My task is to find a certain letter on a picture of a document. Using classical computer vision I have segmented the image into characters. Then I used a neural network trained on 25×25 pixel images of characters to classify them into the one that I want and all others. Using this I can reconstruct the locations of these characters.
Now I want to apply the convnet directly to the whole image such that I do not have to rely on the classical segmentation. The network is a deep neural network consisting from 2D-convolutions, 2D-max-pooling layers and then a dense classifier. The network looks like this:
Layer (type) Output Shape Param #
=================================================================
conv2d_61 (Conv2D) (None, 23, 23, 32) 320
_________________________________________________________________
max_pooling2d_50 (MaxPooling (None, 11, 11, 32) 0
_________________________________________________________________
conv2d_62 (Conv2D) (None, 9, 9, 64) 18496
_________________________________________________________________
max_pooling2d_51 (MaxPooling (None, 4, 4, 64) 0
_________________________________________________________________
flatten_46 (Flatten) (None, 1024) 0
_________________________________________________________________
dropout_5 (Dropout) (None, 1024) 0
_________________________________________________________________
dense_89 (Dense) (None, 1) 1025
=================================================================
Total params: 19,841
Trainable params: 19,841
Non-trainable params: 0
I know that I can apply the convolutional part to the whole image with the trained filters.
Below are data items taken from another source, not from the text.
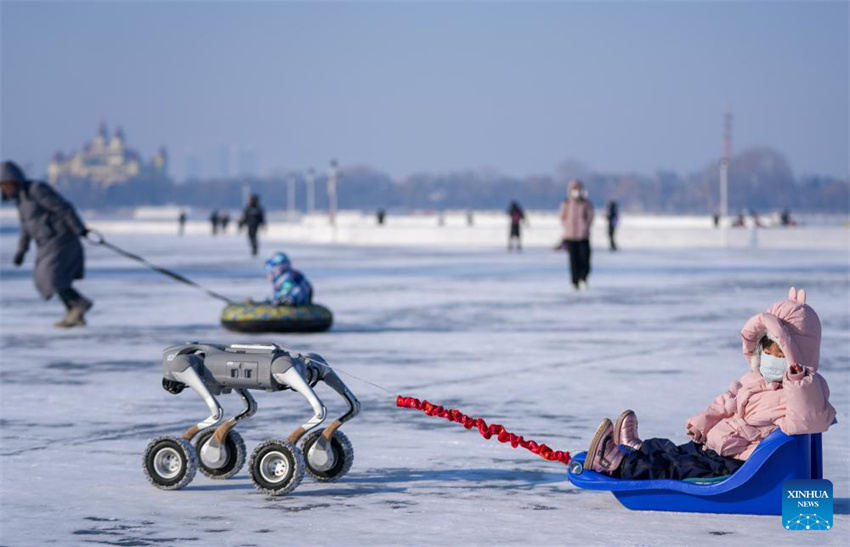 Un niño monta en un trineo tirado por un perro robótico sobre la superficie helada del río Songhua, en Harbin, provincia de Heilongjiang, noreste de China, el 11 de enero de 2026. (Xinhua/Wang Jianwei).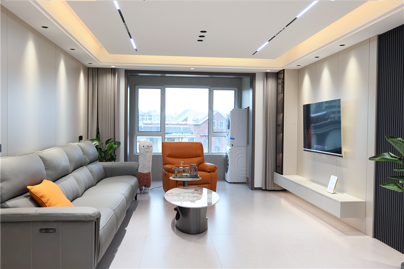 沙发水漆背景墙与电视背景墙相呼应,茶白色调尽显温柔;电视整面墙板配合格栅、侧边柜,错落有致;底柜做抬高处理,可以躺平看电视,还方便清洁。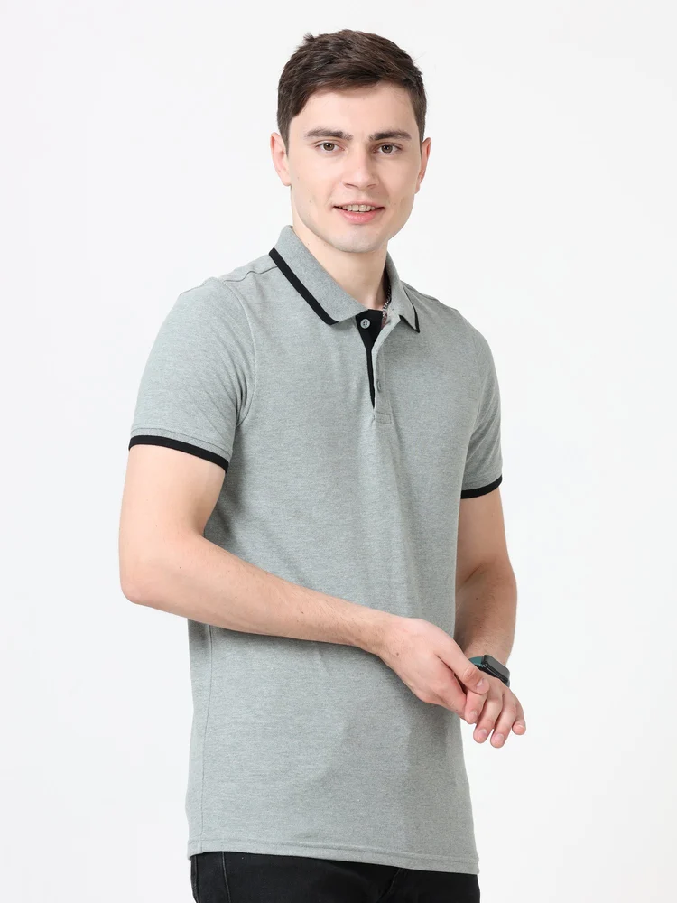 PUMA Pique Tipping Polo With Company Logo – Grey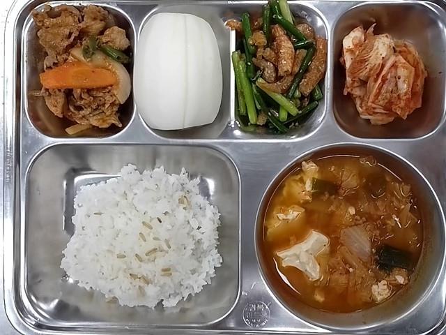 중식: 귀리밥, 순두부김치찌개, 마늘쫑건새우볶음, 돈육두루치기, 배추김치, 참외(성주)
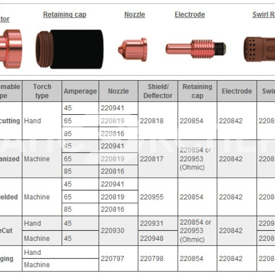 Применяется в промышленных установках плазменной резки, металлообрабатывающих цехах и сервисных центрах. Аналоги: оригинальные завихрители Hypertherm, но модель 220994 предлагает оптимальное соотношение цены и производительности. Преимущества: точность изготовления, устойчивость к термическим нагрузкам, доступность (производство КНР, наличие на складе). Артикул: 220994.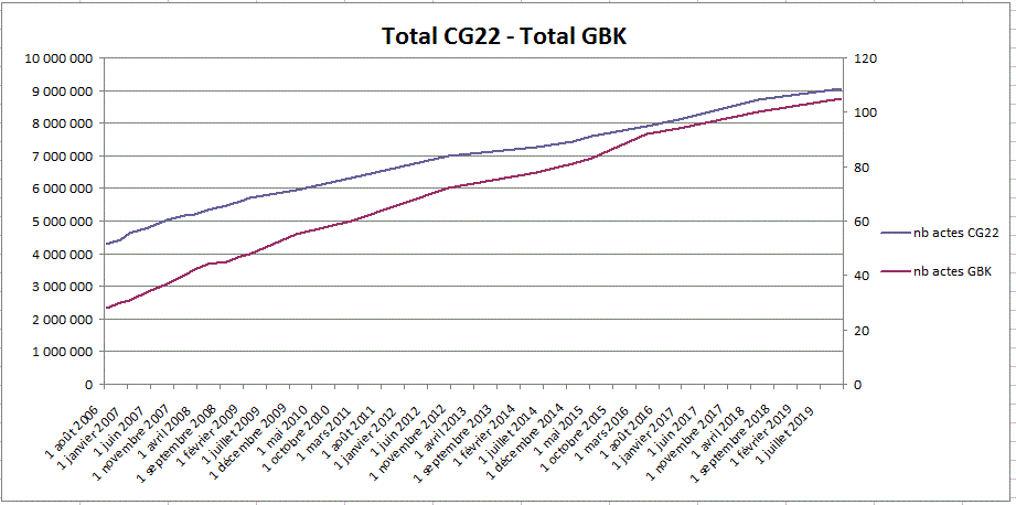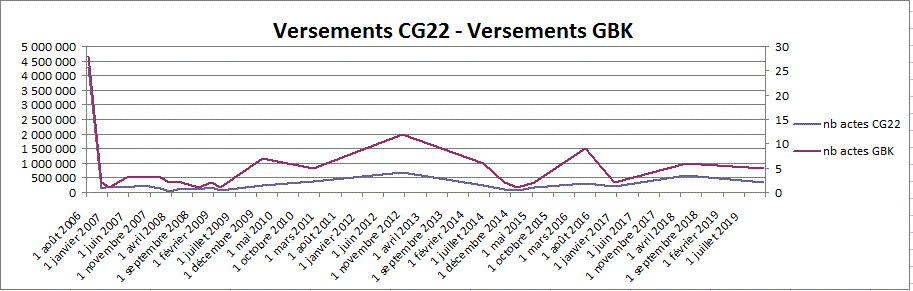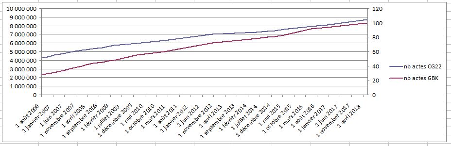 Le 9 août 2006, le Centre Généalogique des Côtes d'Armor (CG22) a effectué un premier versement de 4 290 337 actes à GeneaBank. Le nombre d'actes disponibles sur le système GeneaBank est passé à 28 millions.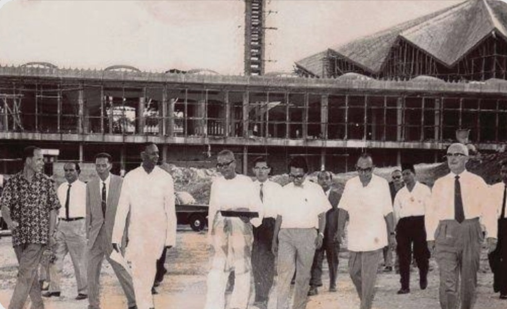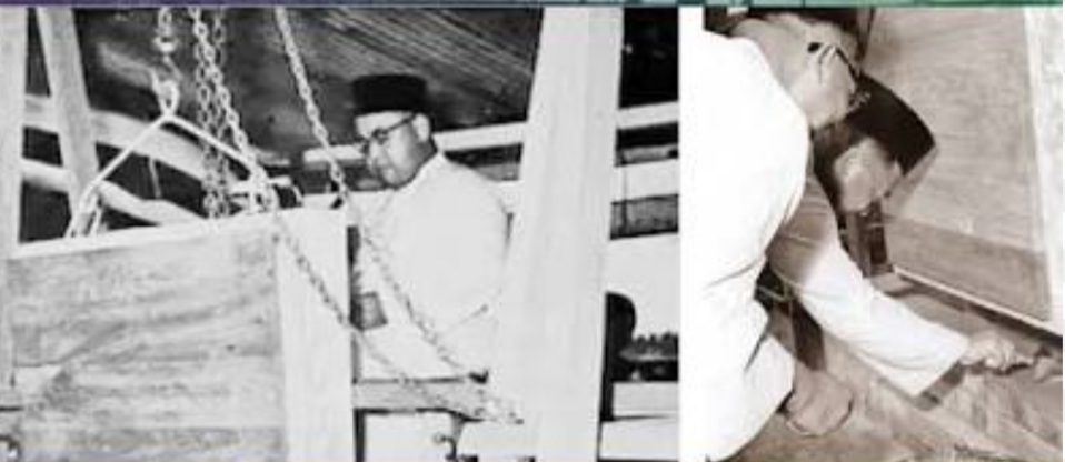 Tunku Abdul Rahman (berbaju Melayu bersamping) melawat tapak pembinaan Masjid Negara. Turut kelihatan Tun Abdul Razak (depan, dua dari kanan).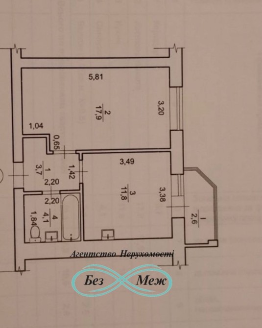 Квартира розташована на 4 поверху 5 поверхового будинку, загальною площею 41 м2.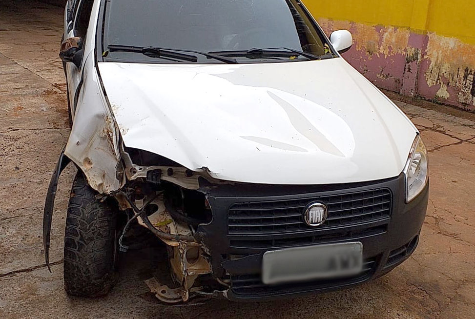O Fiat Strada teve diversas danificações na lateral e na parte frontal. Uma empresa de guincho fez o recolhimento do local.

This would give me the response to these filters in the form of a tensor with larger spatial dimensions. But in order to classify, I need to use the classifier that is trained to a fixed amount of spatial information. Feeding a different size image would break this.
My best idea so far is to slice the image into tiles and feed each tile of fixed size into the classifier. This seems to be the answer to another question.
Does something better exist that applies the trained filters to the whole image and can do some sort of local classification using the trained classifier?